━━ Records for this task

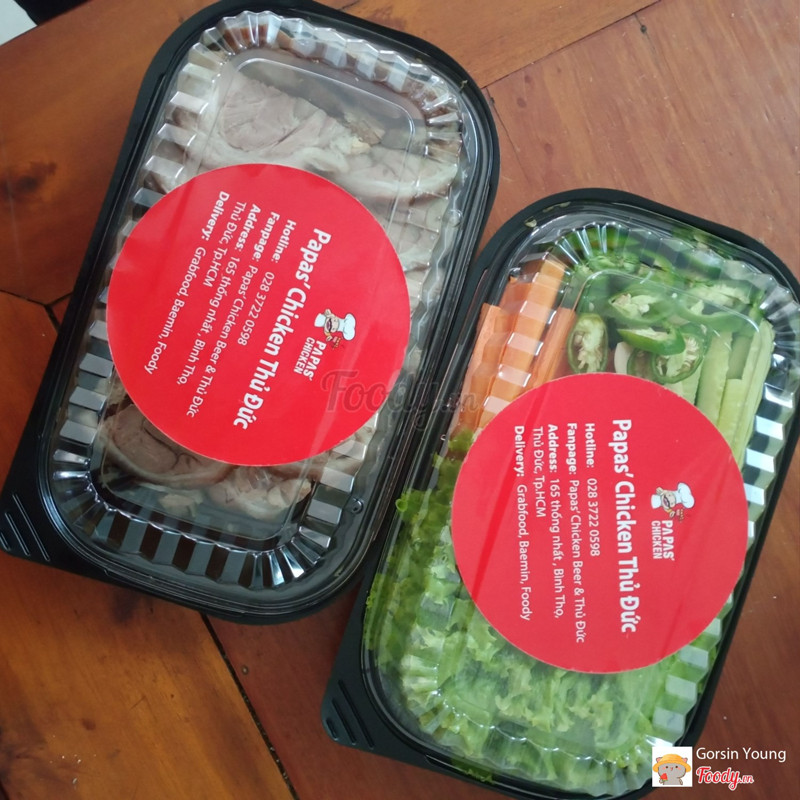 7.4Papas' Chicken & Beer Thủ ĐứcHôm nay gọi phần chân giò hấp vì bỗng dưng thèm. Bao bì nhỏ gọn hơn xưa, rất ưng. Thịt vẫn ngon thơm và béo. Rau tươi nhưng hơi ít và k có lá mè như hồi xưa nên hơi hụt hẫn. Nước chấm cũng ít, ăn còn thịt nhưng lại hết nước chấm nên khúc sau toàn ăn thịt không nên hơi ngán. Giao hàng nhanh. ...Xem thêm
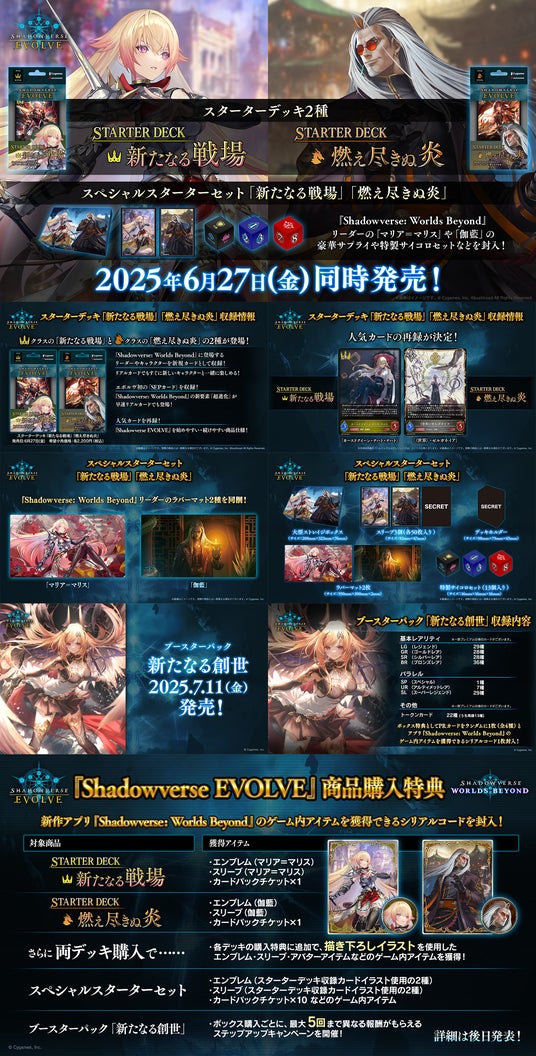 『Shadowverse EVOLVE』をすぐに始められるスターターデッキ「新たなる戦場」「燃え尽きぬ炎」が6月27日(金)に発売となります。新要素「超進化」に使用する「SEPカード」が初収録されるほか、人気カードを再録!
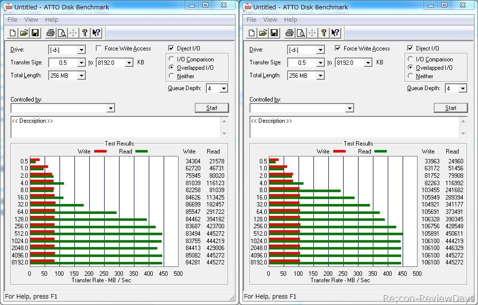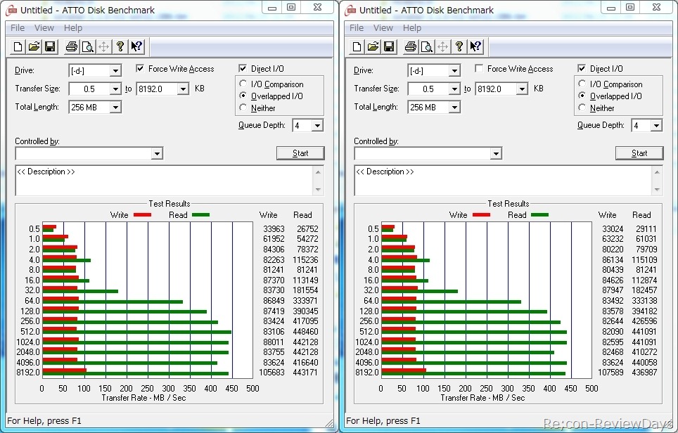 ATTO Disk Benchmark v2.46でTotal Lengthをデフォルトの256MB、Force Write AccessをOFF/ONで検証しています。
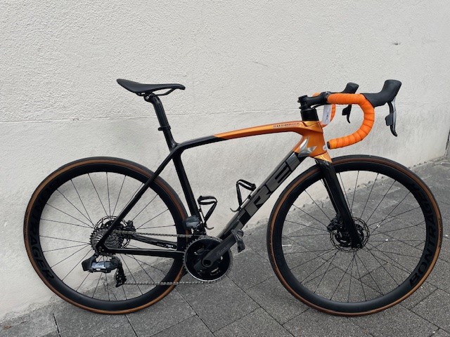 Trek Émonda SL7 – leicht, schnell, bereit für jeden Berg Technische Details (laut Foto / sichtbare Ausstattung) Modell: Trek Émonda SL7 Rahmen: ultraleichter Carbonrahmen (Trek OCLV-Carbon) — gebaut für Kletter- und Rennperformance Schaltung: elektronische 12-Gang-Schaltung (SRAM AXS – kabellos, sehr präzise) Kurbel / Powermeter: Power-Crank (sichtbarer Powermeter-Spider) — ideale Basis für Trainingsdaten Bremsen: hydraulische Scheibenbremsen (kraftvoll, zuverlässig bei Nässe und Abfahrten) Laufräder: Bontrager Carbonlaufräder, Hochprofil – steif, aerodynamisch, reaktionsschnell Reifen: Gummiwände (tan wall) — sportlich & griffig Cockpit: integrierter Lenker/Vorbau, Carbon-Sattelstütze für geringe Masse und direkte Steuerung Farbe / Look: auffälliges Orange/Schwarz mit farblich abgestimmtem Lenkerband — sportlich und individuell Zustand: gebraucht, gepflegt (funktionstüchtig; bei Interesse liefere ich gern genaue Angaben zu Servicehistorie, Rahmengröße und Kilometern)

━━━━
━━ Records for this task

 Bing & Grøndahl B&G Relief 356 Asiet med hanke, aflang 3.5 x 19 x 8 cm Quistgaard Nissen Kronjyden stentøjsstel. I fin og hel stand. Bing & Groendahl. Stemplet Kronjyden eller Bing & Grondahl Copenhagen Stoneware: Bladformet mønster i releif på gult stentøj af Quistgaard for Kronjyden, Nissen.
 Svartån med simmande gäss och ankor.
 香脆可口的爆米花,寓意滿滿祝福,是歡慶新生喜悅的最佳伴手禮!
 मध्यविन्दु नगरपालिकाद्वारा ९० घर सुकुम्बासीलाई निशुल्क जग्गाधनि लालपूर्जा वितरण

━━━━
━━ Records for this task

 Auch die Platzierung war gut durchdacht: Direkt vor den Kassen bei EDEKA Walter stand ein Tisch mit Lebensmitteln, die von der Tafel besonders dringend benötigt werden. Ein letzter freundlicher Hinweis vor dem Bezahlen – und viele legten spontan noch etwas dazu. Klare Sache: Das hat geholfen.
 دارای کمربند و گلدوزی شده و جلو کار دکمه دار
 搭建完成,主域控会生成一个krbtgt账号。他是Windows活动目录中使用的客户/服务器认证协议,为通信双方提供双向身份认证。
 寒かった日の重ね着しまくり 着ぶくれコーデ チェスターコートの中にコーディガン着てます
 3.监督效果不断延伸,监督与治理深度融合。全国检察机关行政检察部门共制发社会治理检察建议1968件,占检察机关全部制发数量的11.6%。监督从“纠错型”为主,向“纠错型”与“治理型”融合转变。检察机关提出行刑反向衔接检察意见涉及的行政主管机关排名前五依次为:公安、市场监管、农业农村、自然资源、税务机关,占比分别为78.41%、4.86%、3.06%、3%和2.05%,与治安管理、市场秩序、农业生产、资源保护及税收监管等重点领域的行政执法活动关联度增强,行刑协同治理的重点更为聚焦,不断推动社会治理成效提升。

━━━━

> _Task directions_:
Everything above from the line containing "香脆可口的爆米花,寓意滿滿祝福,是歡慶新生喜悅的最佳伴手禮!" down to the line containing "मध्यविन्दु नगरपालिकाद्वारा ९०" should be copied exactly, both end lines included, and nothing else.

> _Problem solution_:
 香脆可口的爆米花,寓意滿滿祝福,是歡慶新生喜悅的最佳伴手禮!
 मध्यविन्दु नगरपालिकाद्वारा ९० घर सुकुम्बासीलाई निशुल्क जग्गाधनि लालपूर्जा वितरण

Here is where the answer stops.